Vattenfall to convert Danish power plants for biomass feed

DENMARK - The board of Sweden's state-run power company, Vattenfall AB, has approved a plan to rebuild the company's power plants in Denmark in a bid to reduce consumption of coal and increase the use of biomass.

The conversion plan, named MaxBio by Vattenfall's engineers, promises to bring down the amount of carbon dioxide released in the atmosphere by about 27%. MaxBio intends to replace up to 724,000 tons per year of coal and prevent the release of at least 1.5 million tons of carbon dioxide.

The plan is scheduled to come into effect in 2018.

The success of MaxBio will contribute significantly to Vattenfall's goal of turning the company's energy production process in the Nordic region into a carbon-neutral process by 2030.

According to Hans von Uthmann, Vice President and Head of Vattenfall Norden, the goal of the company is to convert electricity generation into a clean process so that consumers do not feel guilty about using electricity, given the growing concerns about global warming. Uthmann added that every member of the Vattenfall Group was involved in revamping the company's power plants and production processes in a way that could satisfy the world's need for clean and environmentally friendly energy.

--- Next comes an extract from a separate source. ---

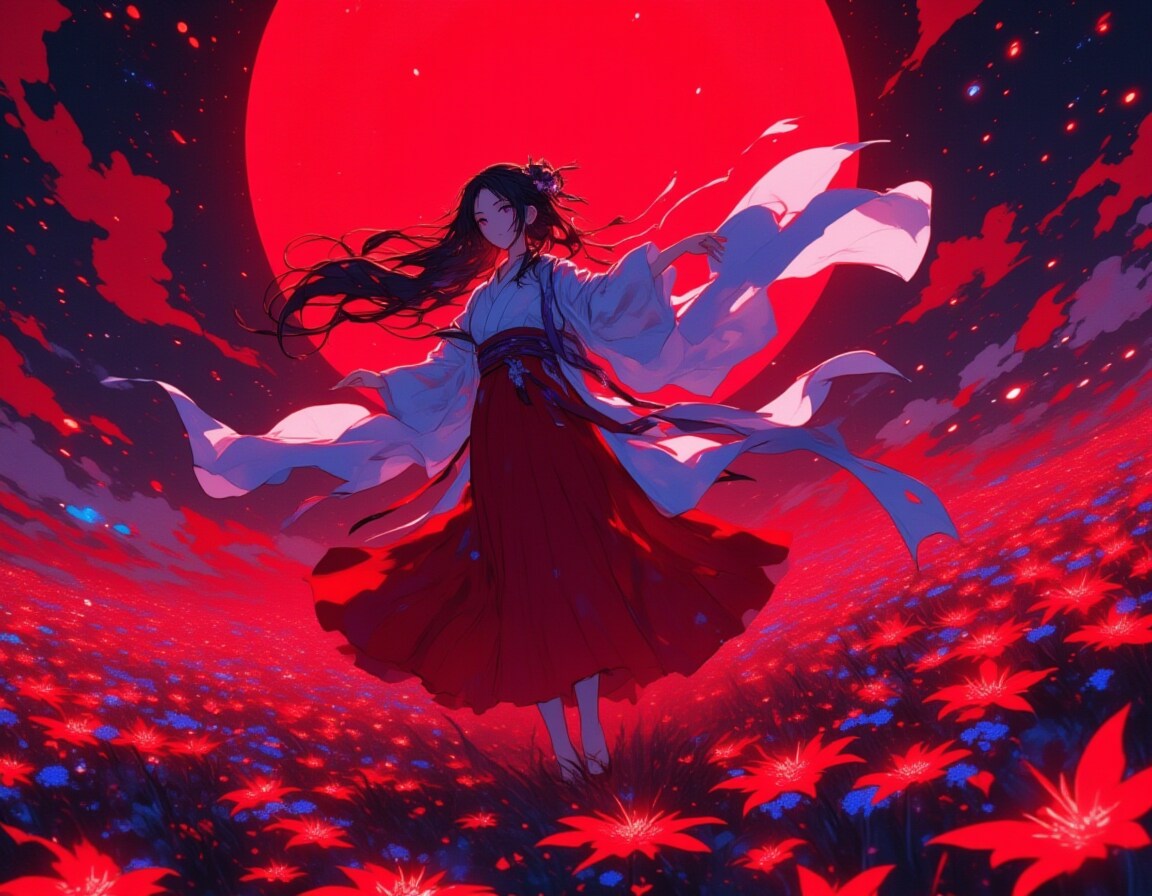 恐ろしいほど真っ赤な月の下で舞を舞い始める少女。一つ一つの所作が洗練され、動きに無駄がない。されど喜色が溢れ出るような嫋やかで艶やかな舞。

While the plan is a large undertaking and cannot be achieved overnight, Vattenfall has already laid out plans to gradually bring down carbon-dioxide emissions every year. In the Nordic region, Vattenfall intends to invest more than $10 billion until 2016 to make MaxBio a success. The new MaxBio plan will require an investment of about $863 million.

Using biomass instead of coal is a fast and efficient method of bringing down carbon-dioxide emissions. With the implementation of MaxBio, Vattenfall intends to convert three Danish heat plants at Amagerverket, Fynsverket and Nordjyllandsverket into biomass-fueled plants. The plants may become completely biomass-fueled or use a combination of coal and biomass.

Wood and straw will be the resources used initially, followed by other types of biomass fuel.

According to biofuel regulation standards, only 15 to 17 materials are currently defined as biomass fuel, while all others have been defined as waste. The company hopes that more types of biomass fuels will become available in the near future.